Collected material:
________________________________________

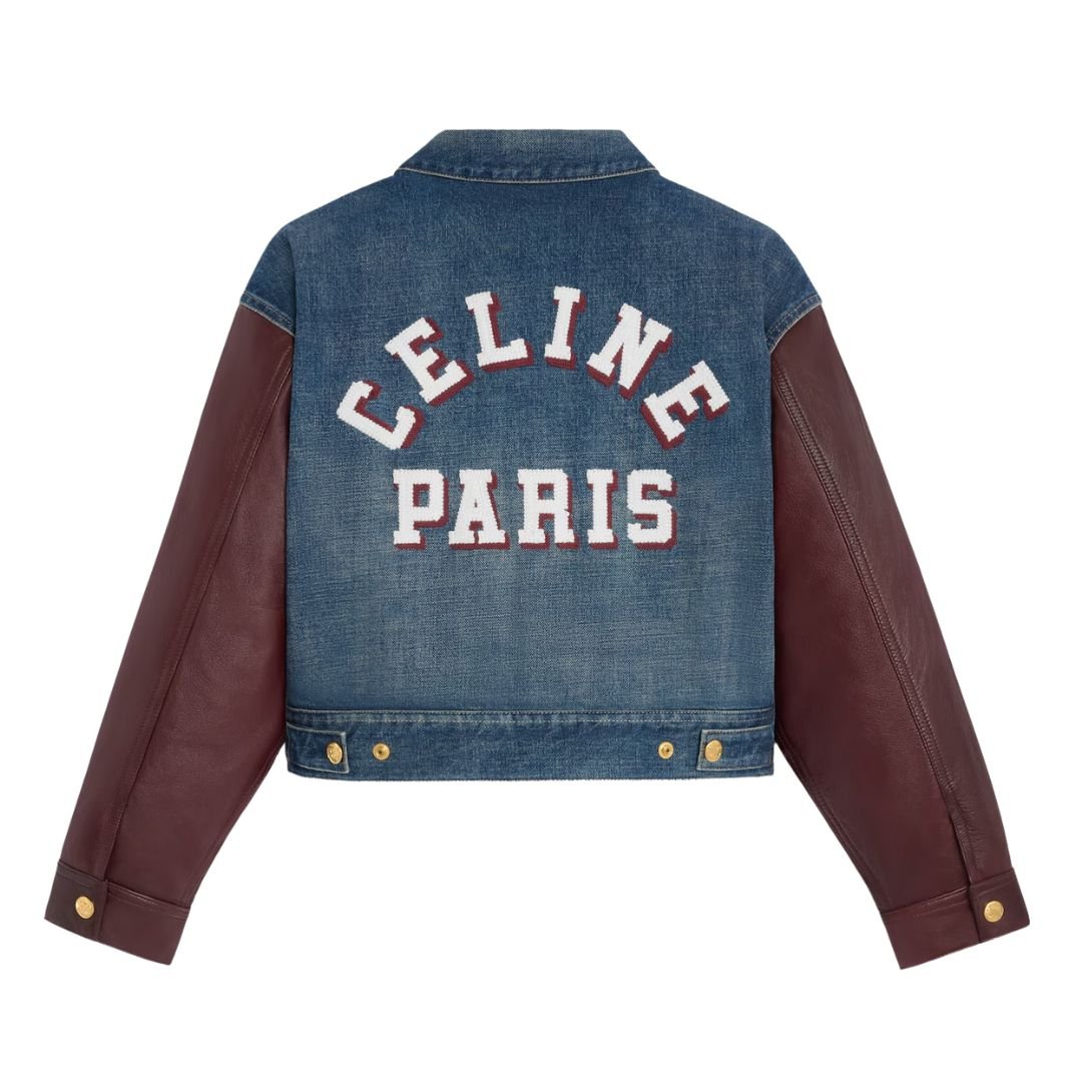Equipped with 2 welt pockets, 2 waist adjustment tabs, and contrasting leather sleeves, this jacket blends practicality with high fashion. The Triomphe snap button closure—including 5 front buttons, 1 on the cuffs, and 1 on the adjustment tabs—adds a signature finishing touch.
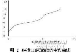 1 中和法分析THPC的原理在THPC水溶液中,THPC会离解成THP、甲醛和氢离子:(HOCH2)4PCl → (HOCH2)4P+ + Cl- (2)(HOCH2)4P+ → (HOCH2)3P + CH2O + H+ (3) 在纯净的THPC溶液中,发现用NaOH滴定时pH值有突跃变化,突跃范围是8-10,滴定曲线如图(2)所示:
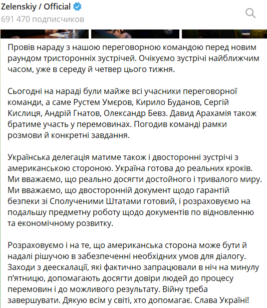Об этом Зеленский написал в своем телеграм-канале по итогам встречи с украинской делегацией.
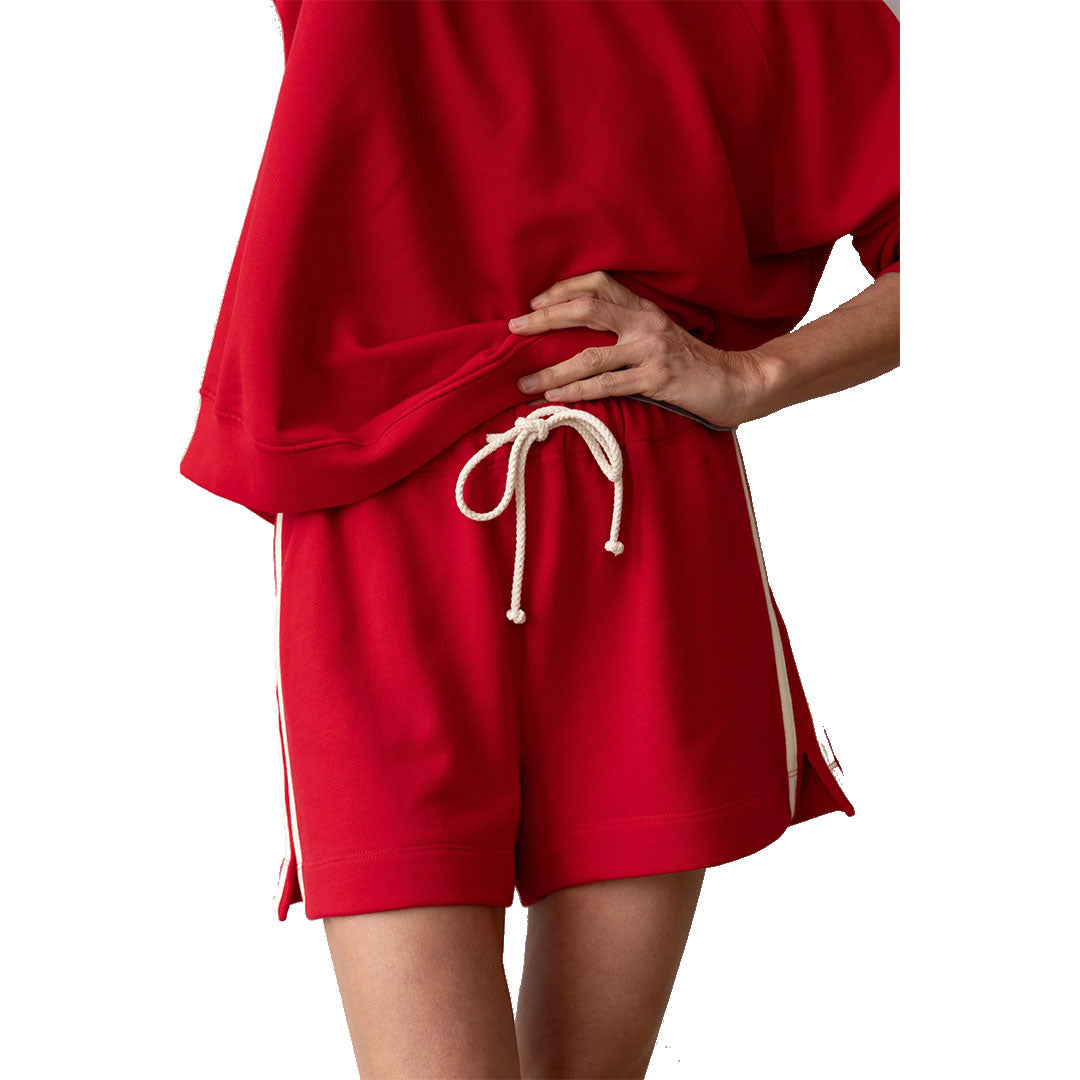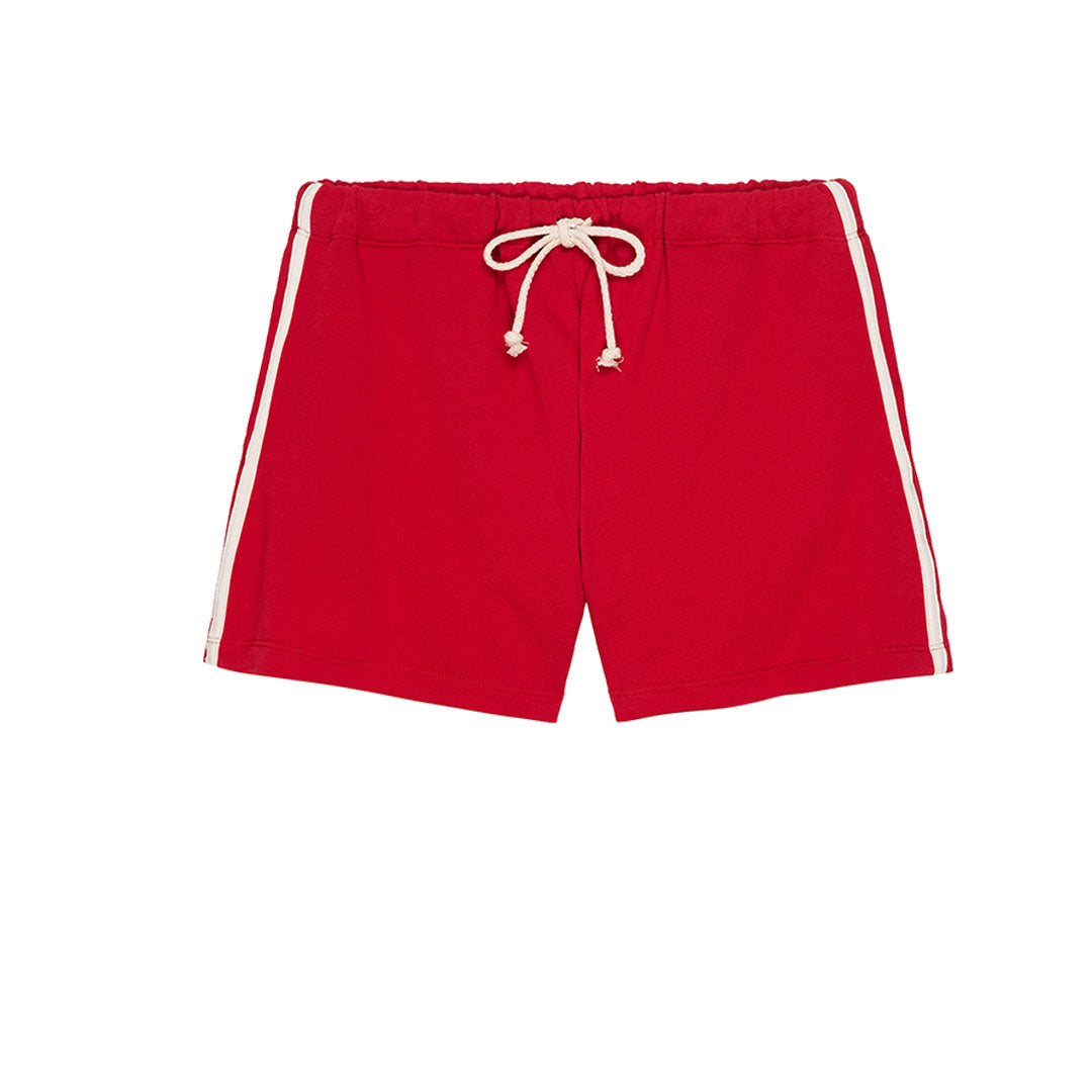 The Stripe Eco-Terry Short is crafted with 100% Organic Cotton, featuring a drawcord waist, side pockets and double stripes on each leg.

________________________________________

Directions for this task: Pictures are to be omitted; otherwise, every line from the first line of the listing through the line containing "Об этом Зеленский" must be reproduced exactly, both ends included.

Answer section:
Equipped with 2 welt pockets, 2 waist adjustment tabs, and contrasting leather sleeves, this jacket blends practicality with high fashion. The Triomphe snap button closure—including 5 front buttons, 1 on the cuffs, and 1 on the adjustment tabs—adds a signature finishing touch.
 1 中和法分析THPC的原理在THPC水溶液中,THPC会离解成THP、甲醛和氢离子:(HOCH2)4PCl → (HOCH2)4P+ + Cl- (2)(HOCH2)4P+ → (HOCH2)3P + CH2O + H+ (3) 在纯净的THPC溶液中,发现用NaOH滴定时pH值有突跃变化,突跃范围是8-10,滴定曲线如图(2)所示:
Об этом Зеленский написал в своем телеграм-канале по итогам встречи с украинской делегацией.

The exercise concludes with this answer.